В дверях появляется ушастая голова.
– Тут вот этот гражданин, – сверяется с бумагой, – гражданин Богданов. Штраф отказывается платить за курение в неположенном месте. Закон новый читали? С первого июня вступил. Вокзал – общественное место!
– Н-не читал…
– Ты, Артамонов, его прям сейчас бери – и в «клетку», к бомжам, к цыганам, к торчкам ссаным. Забирай его. Надоело тут разъяснительную работу вести клоунам. Забирай давай!
– Пройдемте, – берет меня под руку ушастый.
– Погодите! – Я ничего не понимаю. Это какой-то дикий
– Мужики все в тайге, лес валят, – отрезает сидящий за столом. – Пятьсот рублей или двое суток в «обезьяннике».
– Да я… да я конечно! – судорожно шарю по карманам, но в них пусто. В сумке только компьютер. Сдавленно выдыхаю: – У меня нет… нет денег. С собой. Я с дачи… еду… я…
– Теперь у него денег нет. Все, Артамонов, веди! – командует старший.
– Со мной! – Ушастый берет меня под локоть, тащит в коридор, я упираюсь и плету эту ересь про дачу, про «кошелек забыл», про «я сейчас позвоню, мне жена привезет».
Мы внезапно останавливаемся.
– Звони, – говорит ушастый.
– Я сейчас! – радостно восклицаю, лезу в карман пиджака, в джинсы, в сумку, вспоминаю про Оксану, ключи от квартиры, телефон…
– Я, кажется, телефон… потерял.
– Все, мужик, ты мне надоел! – Ушастый цапает меня, доводит до решетчатой двери, клацает замком и толкает внутрь.
– А я ему говорю, ты, сука, ответишь, понял? А он граблями чё-то там машет: фи-фи-фи! – В углу, прислонившись спиной к стене, на корточках сидит мужик с абсолютно опухшим, то ли от ударов, то ли от бухла лицом. – Я грю, мне этих фи-фи-фи не надо, бабе своей покажи эти фи-фи, козлина ты!
Он мелет одно и то же по кругу, как заводная белка. А я сижу и пытаюсь вспомнить, кому можно позвонить, чтобы деньги привезли. Максу, Оксане, Жоре, Мише, издателю? Но ведь я не то что не помню – я просто не знаю ни одного телефона. Они все в записной книжке айфона, чертовой пластмассовой коробочки, которая отбила человечеству память. Мы ничего теперь не запоминаем, мы все записываем. Имена, телефоны, даты, названия. А что не записываем, то гуглим, а что не гуглим, то узнаем в фейсбуке.

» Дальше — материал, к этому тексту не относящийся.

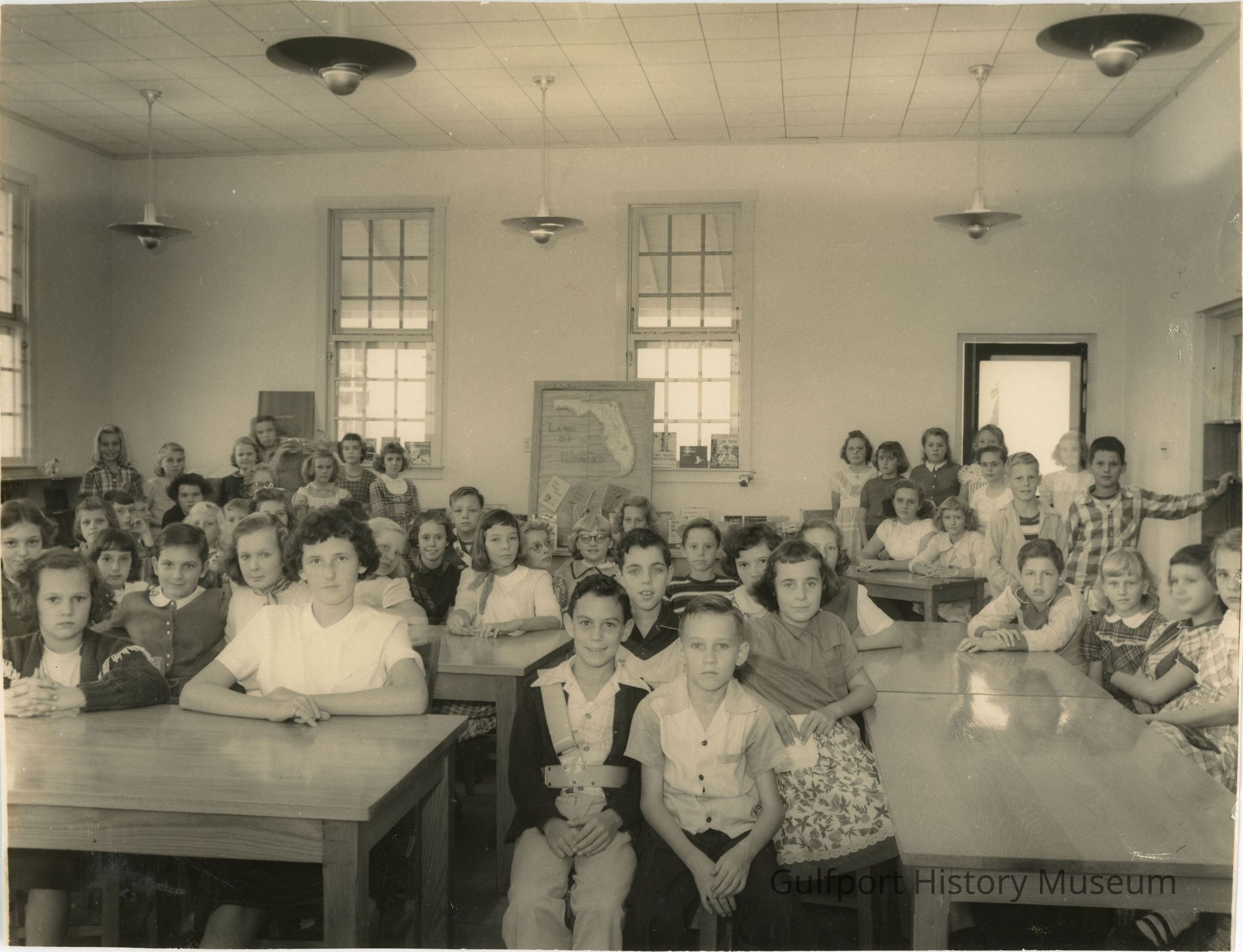 A black and white photograph of [?]'s [?] grade class for the [?] school year at Gulfport Elementary School.

Откуда-то из помещения доносится голос Лепса. С улицы слышны характерные трели мобильника. Там Россия айфона, а здесь Россия шансона. И между ними я, открывший глаза в пятизвездочном отеле, а окончательно проснувшийся в «обезьяннике». Кажется, они через меня пытаются друг с другом связаться, эти две страны. А мне и связаться не с кем.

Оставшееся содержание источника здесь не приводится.